Midnight Christmas Mass was always my favorite as a kid. We would get all dressed up and enter the beautiful Church with all the decorations and the nativity scene. It’s like I can still smell the pine trees and see the glow of the Christmas lights. I think we probably all have memories that bring us back to the Christmas season. Whether it is the smell of freshly baked cookies or the Christmas ham roasting for hours, these physical signs point us back to memories and experiences that we have enjoyed. 

The Gospel from the Christmas Mass during the Night proclaims, “For today in the city of David a savior has been born for you who is Christ and Lord. And this will be a sign for you.” This has me thinking about the importance of physical signs. Wedding rings are exchanged as a sign of commitment. Gifts are exchanged as a sign of love or friendship. In today’s Gospel we have the signs of the manger and the swaddling clothes that are communicating to us that God has become flesh. Signs are important for us.

The beautiful thing about the signs we have in the Catholic Church is that they go beyond mere symbols. Today we commemorate not just a sign of God’s love in clothes and a structure, but we commemorate God literally taking on flesh to be a physical and effective sign of his love. Not just a sign in the sense of symbolic representation, but a sign that is so real and so effective that it literally becomes what it signifies. 

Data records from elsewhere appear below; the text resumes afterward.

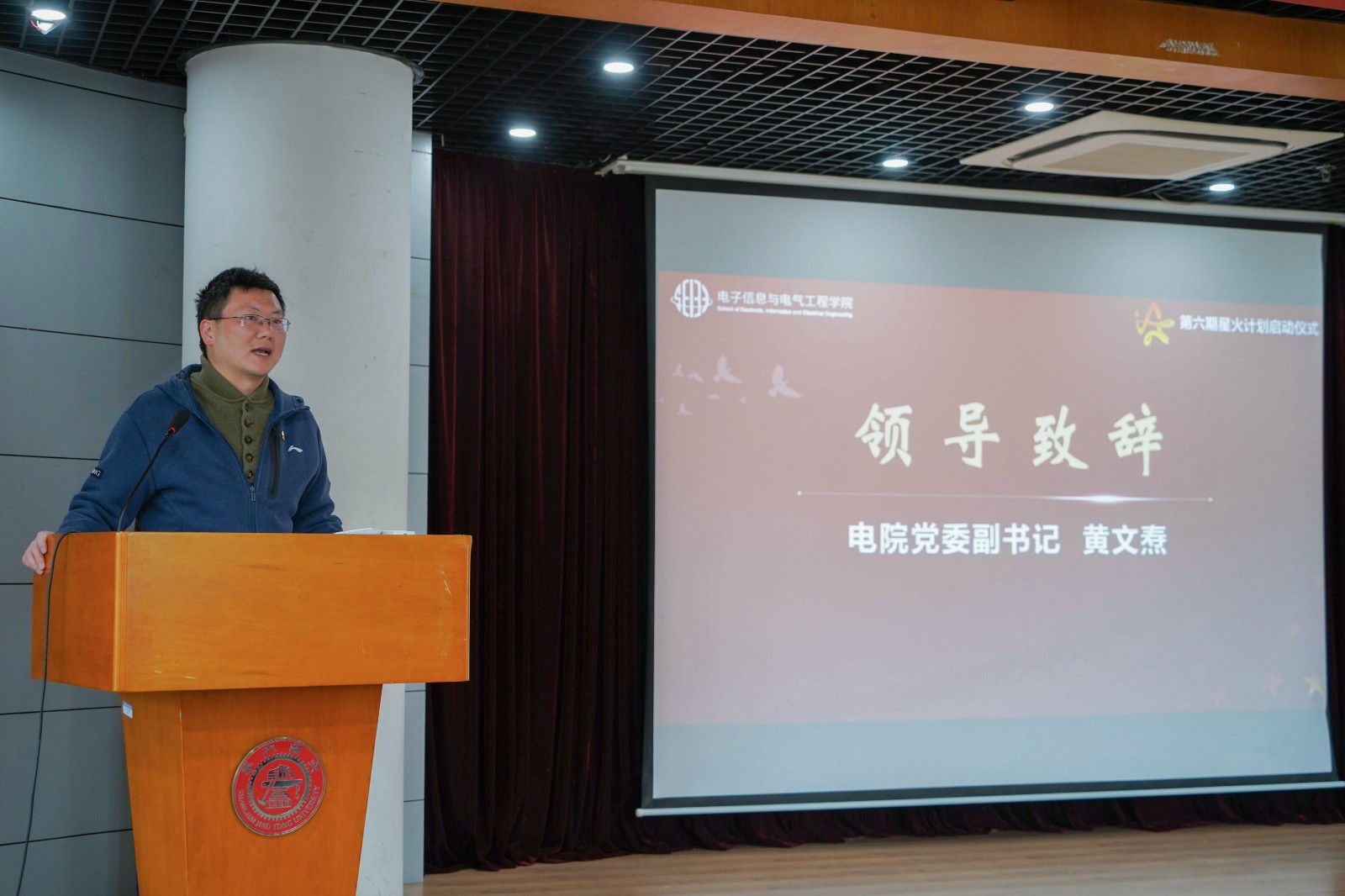 近日,电子信息与电气工程学院第六期“星火计划”启动仪式在电院群楼3-200多功能厅顺利举行。电院党委副书记黄文焘、巢睿祺出席,2022级本科生党建指导老师王智、学生党建工作办公室全体思政教师、党建研究会及第六期“星火计划”全体成员参加。活动由第五期“星火计划”成员许诣多主持。
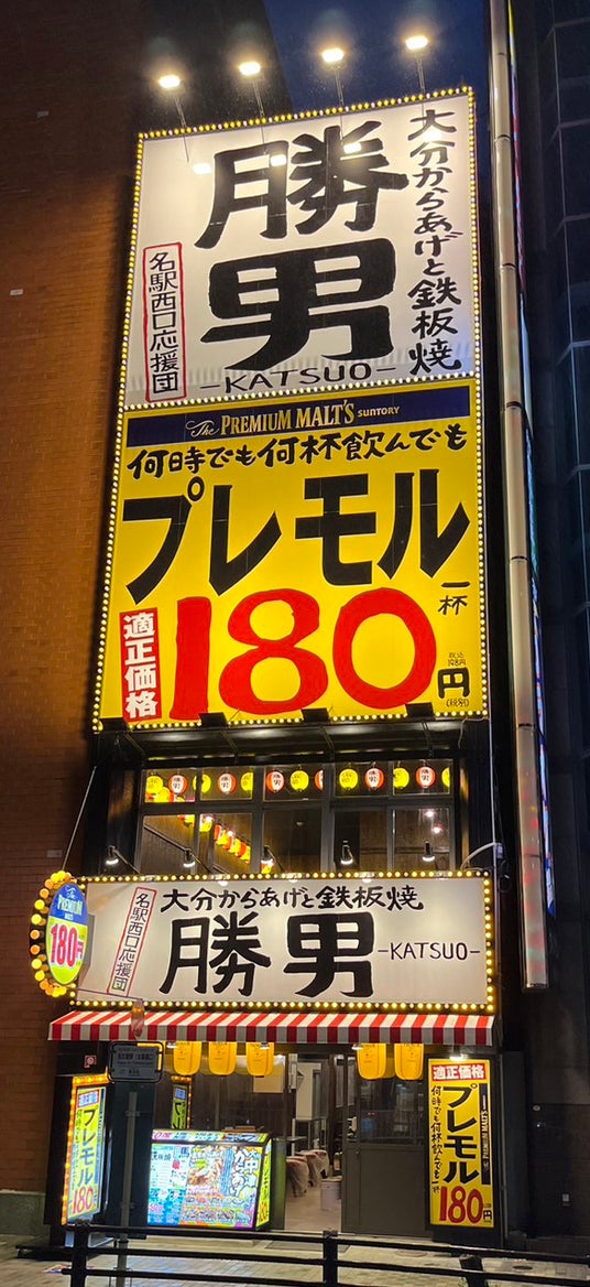 勝男はお財布に優しくコスパ最強の庶民派居酒屋で、長年大阪で頑張ってきました。2011年の勝男創業時から生ビール一杯180円を掲げて十数年、「格安生ビール居酒屋の元祖」として満を持しての東海地方名古屋初出店となります。本物の価格と本当の美味しさをウリに、これまで大阪・関西そして東京等で愛されてきた勝男、今後は名古屋そして東海地方の方々にも、あの「勝男」だ!と可愛がっていただけるよう、まずは名古屋の駅前から勝男の歴史をつくっていきたいと考えております。
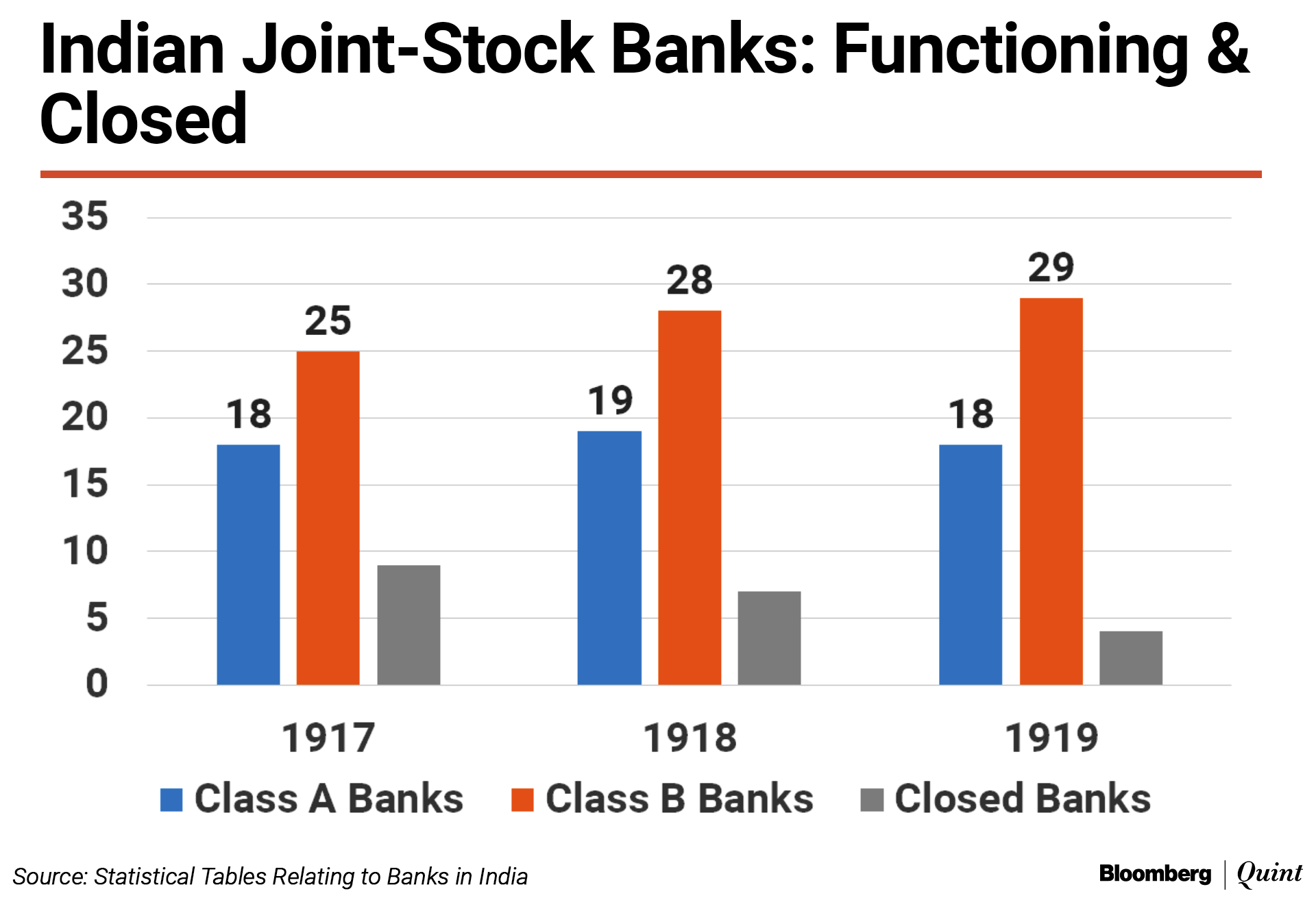 Let us now review the conditions of Indian banks. The number of A-class banks (with capital and reserves greater than Rs 5 lakh) and B-class banks (with capital and reserves between Rs 1 lakh and Rs 5 lakh) remained steady. The number of banks that closed in 1918 and 1919 declined as well. This period also sowed the seeds for the establishment of a large number of industrial banks in the country. The one big name was Tata Industrial Bank which started amidst big fanfare but could not sustain and was merged with Central Bank of India in 1923.

We see this played out in every Mass. We start with the Liturgy of the Word where we read from Scripture. But that Word, throughout the course of the Mass, becomes so living, so real, so physical, so effective, that the Word of God literally becomes flesh for us on the altar. This is the very thing we celebrate this Christmas season. We can think back to all the great symbols that plunge us deeply into beautiful memories of family life, but let’s set aside some special time today to focus on the fact that God transcends all earthly signs and literally becomes one of us. He wants to be one with you and with me. If there is nothing else we take out of our celebrations today, I think it would do us well to focus on that reality. God loves you enough that he was born in a manger to have a relationship with you and one day be with you forever in paradise. 

From all of us here at Diocesan, Merry Christmas and God bless!